Collected data:
-- Opening Marker --

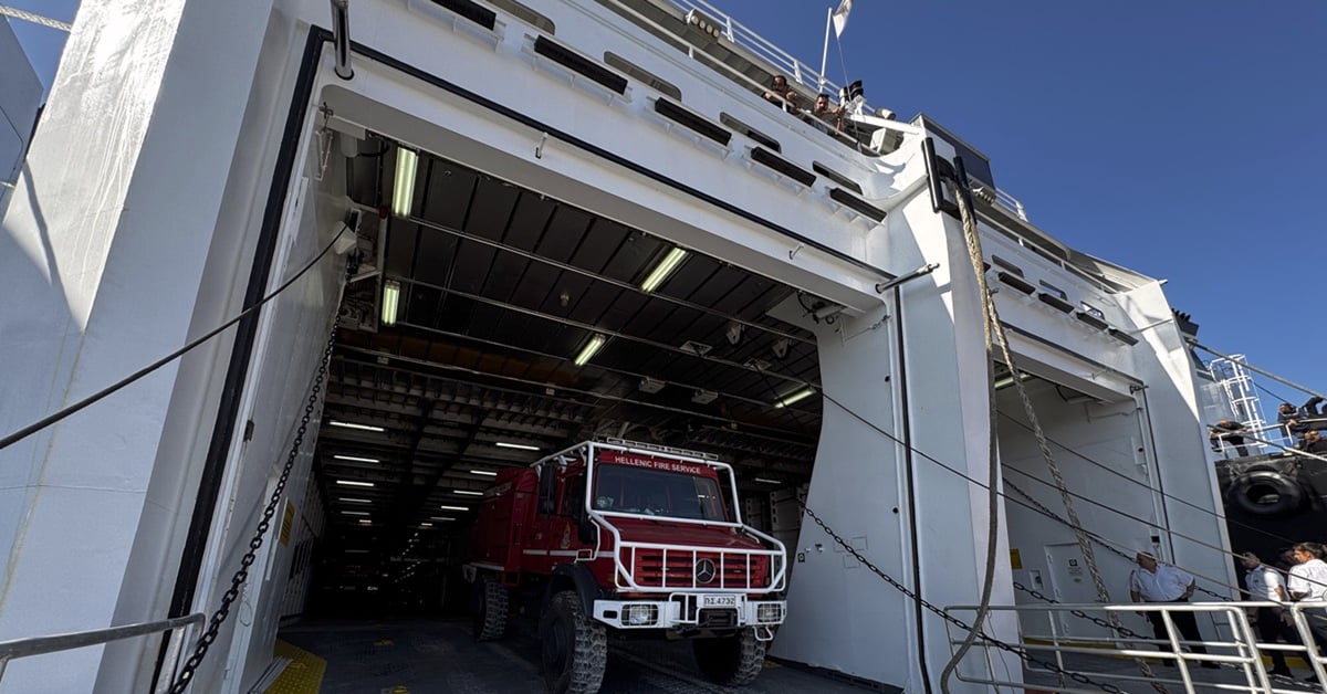 Μεταφορά πυροσβεστικών δυνάμεων από τη Seajets στη Χίο πραγματοποιήθηκε το απόγευμα της Κυριακής, με το ταχύπλοο SUPERRUNNERJET 2 να αποπλέει από τη Δραπετσώνα, μεταφέροντας ισχυρές δυνάμεις και οχήματα για την αντιμετώπιση της μεγάλης πυρκαγιάς στο νησί.
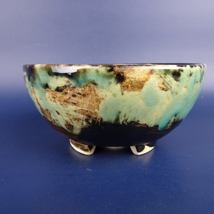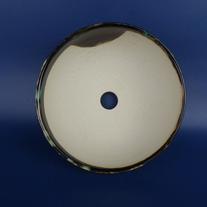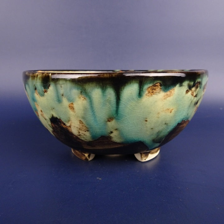 盆栽鉢 蝉山 小型 長辺 約12.2cm 丸鉢 釉薬 観賞用 新品 o1198426022
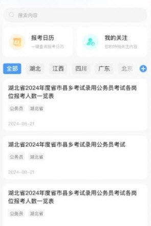 用户可以将自己计划考的地方添加关注,便于查看该地的考试资讯。
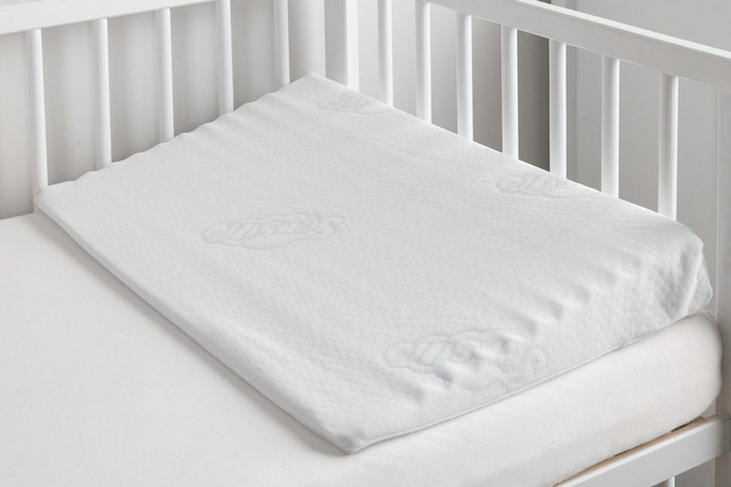 Kojenecký polštář - klín do postýlky Sensillo. Profilovaný tvar zajišťuje správnou polohu páteře miminka. Polštář má potah, který lze sundat a vyprat. Složení povlečení: 100% polyester. Výplň: molitan. Rozměry: šxh cca 59x37 cm, výška v nejvyšším bodě cca 7 cm.
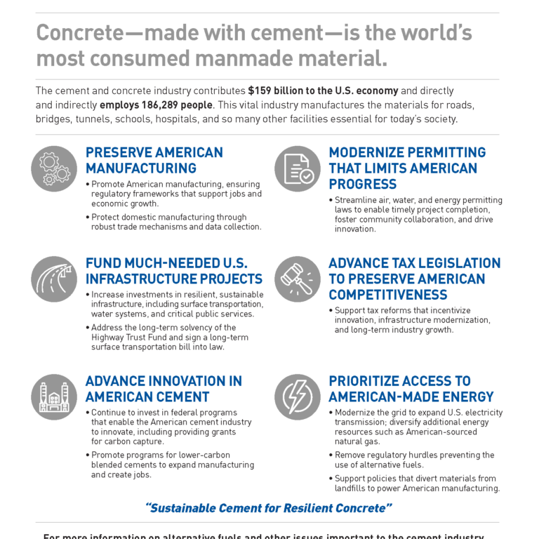 The American Cement Association is the voice of America’s cement manufacturers. Our Government Affairs team works hard to develop constructive relationships with policymakers and agency leadership, sharing up-to-do date information and communicating the value and sustainability of our products, so that together we can build a greener, safer, and more resilient nation.
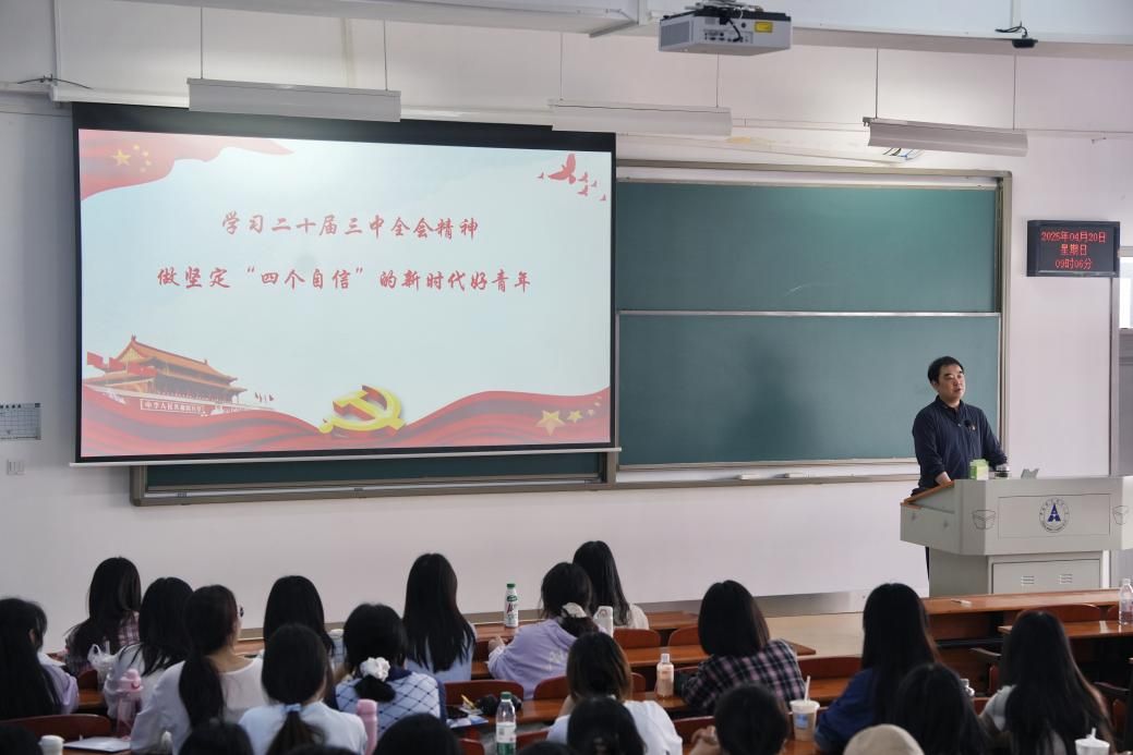 4月20日上午9:00--11:30,最快足球比分 党委副书记俞凡老师在南附304教室讲授了题为“学习党的二十大和二十届二中、三中全会精神,做坚定“四个自信”的新时代好青年”的专题讲座。最快足球比分 本科生入党积极分子、发展对象及预备党员到场学习。
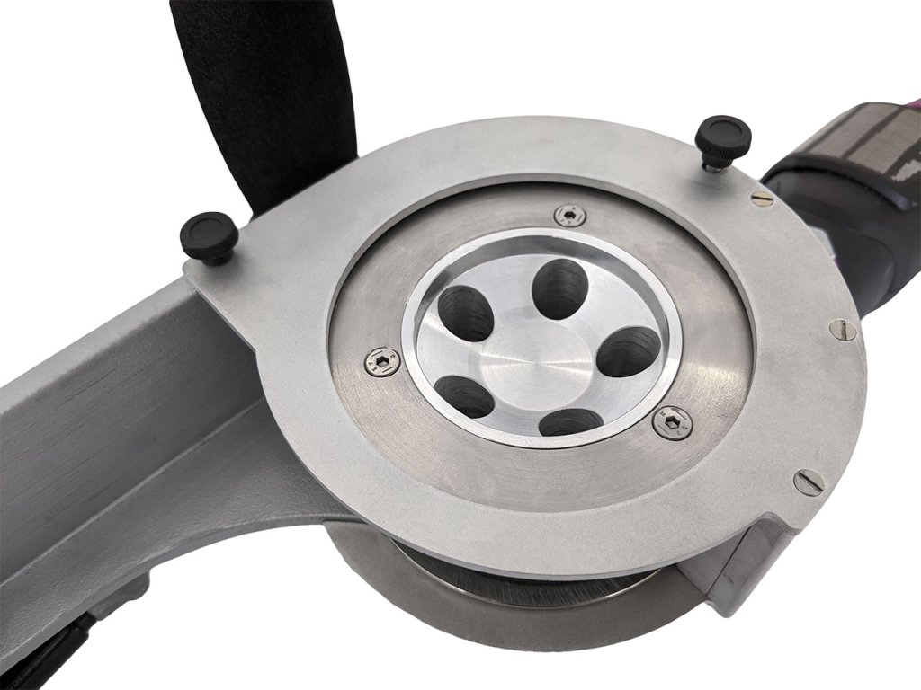 Er verhindert effektiv, dass Finger im Antriebsmechanismus eingeklemmt werden. Die Montage erfolgt einfach und werkzeuglos mittels Rändelschrauben. Der Fingerschutz ermöglicht zudem das Aufstellen der Maschine auf der Werkbank ohne Kontakt zum Riemen.
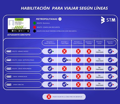 Los estudiantes al viajar deberán hacerlo dentro del Origen Destino que tenga grabado su tarjeta STM estudiante no podrá hacerlo en otro tramo con el cupo de boletos Pagos

-- Closing Marker --

WHAT YOU HAVE TO DO:
An exact copy is needed of the stretch above that opens with the line containing "用户可以将自己计划考的地方添加关注,便于查看该地的考试资讯。" and closes with the line containing "Kojenecký polštář - klín"; the pictures are not part of it.

RESPONSE:
 用户可以将自己计划考的地方添加关注,便于查看该地的考试资讯。
 Kojenecký polštář - klín do postýlky Sensillo. Profilovaný tvar zajišťuje správnou polohu páteře miminka. Polštář má potah, který lze sundat a vyprat. Složení povlečení: 100% polyester. Výplň: molitan. Rozměry: šxh cca 59x37 cm, výška v nejvyšším bodě cca 7 cm.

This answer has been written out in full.